The content of the EU Recovery Prospectus is to be presented in an easy-to-analyse, concise and comprehensible form, the order of the contents presented being left to the discretion of those responsible for the prospectus.

IV. Content of the prospectus

To comply with the length restrictions, substantial reductions are allowed, including in comparison to the simplified prospectus regime for secondary issuances under Article 14 of the EU Prospectus Regulation. Thus, the EU Recovery Prospectus is only to contain abridged information, to include especially:

  • a description of the material risks specifically affecting the issuer and the shares,
  • financial statements (annual and semi-annual financial statements) published in the twelve months preceding approval of the EU Recovery Prospectus,
  • information on trends, especially on the issuer’s short- and long-term financial and non-financial business strategy and objectives, including, if applicable, a specific reference of not less than 400 words to the business and financial impact of the Covid-19 pandemic on the issuer and the anticipated future impact of the same,
  • a declaration on receiving state aid in connection with the economic recovery and
  • a statement of capitalisation and indebtedness that is not permitted to be older than 90 days.

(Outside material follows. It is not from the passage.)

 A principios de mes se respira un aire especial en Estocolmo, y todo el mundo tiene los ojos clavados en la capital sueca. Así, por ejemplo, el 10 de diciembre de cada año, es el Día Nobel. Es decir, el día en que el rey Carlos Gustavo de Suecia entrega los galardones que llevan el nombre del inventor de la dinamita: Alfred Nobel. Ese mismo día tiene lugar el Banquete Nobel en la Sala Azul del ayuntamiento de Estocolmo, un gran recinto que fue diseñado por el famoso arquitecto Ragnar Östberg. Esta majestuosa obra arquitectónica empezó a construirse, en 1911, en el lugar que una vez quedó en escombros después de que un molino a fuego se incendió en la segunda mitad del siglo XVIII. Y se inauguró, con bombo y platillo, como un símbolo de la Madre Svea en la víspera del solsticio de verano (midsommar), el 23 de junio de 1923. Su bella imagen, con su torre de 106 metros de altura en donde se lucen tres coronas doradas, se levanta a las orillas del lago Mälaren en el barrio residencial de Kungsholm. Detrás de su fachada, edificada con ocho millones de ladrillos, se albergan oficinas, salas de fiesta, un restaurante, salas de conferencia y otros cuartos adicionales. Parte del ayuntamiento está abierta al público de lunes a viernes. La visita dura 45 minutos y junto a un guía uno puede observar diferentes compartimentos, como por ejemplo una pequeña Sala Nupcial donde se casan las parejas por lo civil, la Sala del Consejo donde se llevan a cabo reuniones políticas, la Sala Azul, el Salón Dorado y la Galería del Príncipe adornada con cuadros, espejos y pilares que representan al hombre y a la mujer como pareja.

According to the Parliament Draft – as opposed to the Commission Draft – a final offer price is no longer to be included in the EU Recovery Prospectus. Such a rule could have been (mis)understood to mean that an EU Recovery Prospectus can only be used for secondary issuances with a predetermined subscription price.

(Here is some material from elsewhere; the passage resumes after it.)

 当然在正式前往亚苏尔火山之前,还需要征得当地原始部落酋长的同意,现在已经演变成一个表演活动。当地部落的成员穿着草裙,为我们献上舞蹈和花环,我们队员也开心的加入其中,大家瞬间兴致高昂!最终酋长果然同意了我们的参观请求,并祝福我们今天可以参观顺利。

V. Approval of the prospectus

The scrutiny period for review of the EU Recovery Prospectus by the competent authorities is no longer to be generally ten but now only seven working days. However, the issuer must inform the competent authority at least five working days before the date envisaged for the submission of an application for approval. However, the actual duration of the proceedings in an individual case will ultimately depend on the procedural practice and work load of the regulatory authorities such as the German Federal Financial Supervisory Authority (Bundesanstalt für Finanzdienstleistungsaufsicht – BaFin).

C. Conclusion

It will not be long until the EU Recovery Prospectus gives issuers an option under prospectus law to quickly raise equity capital with a light administrative burden until 31 December 2022. Issuers who fall under the scope of applicability and intend to increase their capital should definitely consider using the new prospectus regime if they (urgently) need capital. This is because the imminent introduction of the EU Recovery Prospectus will significantly decrease the hurdles involved in drawing up a prospectus, making it possible in particular to quickly implement capital increases (subject to pre-emptive rights).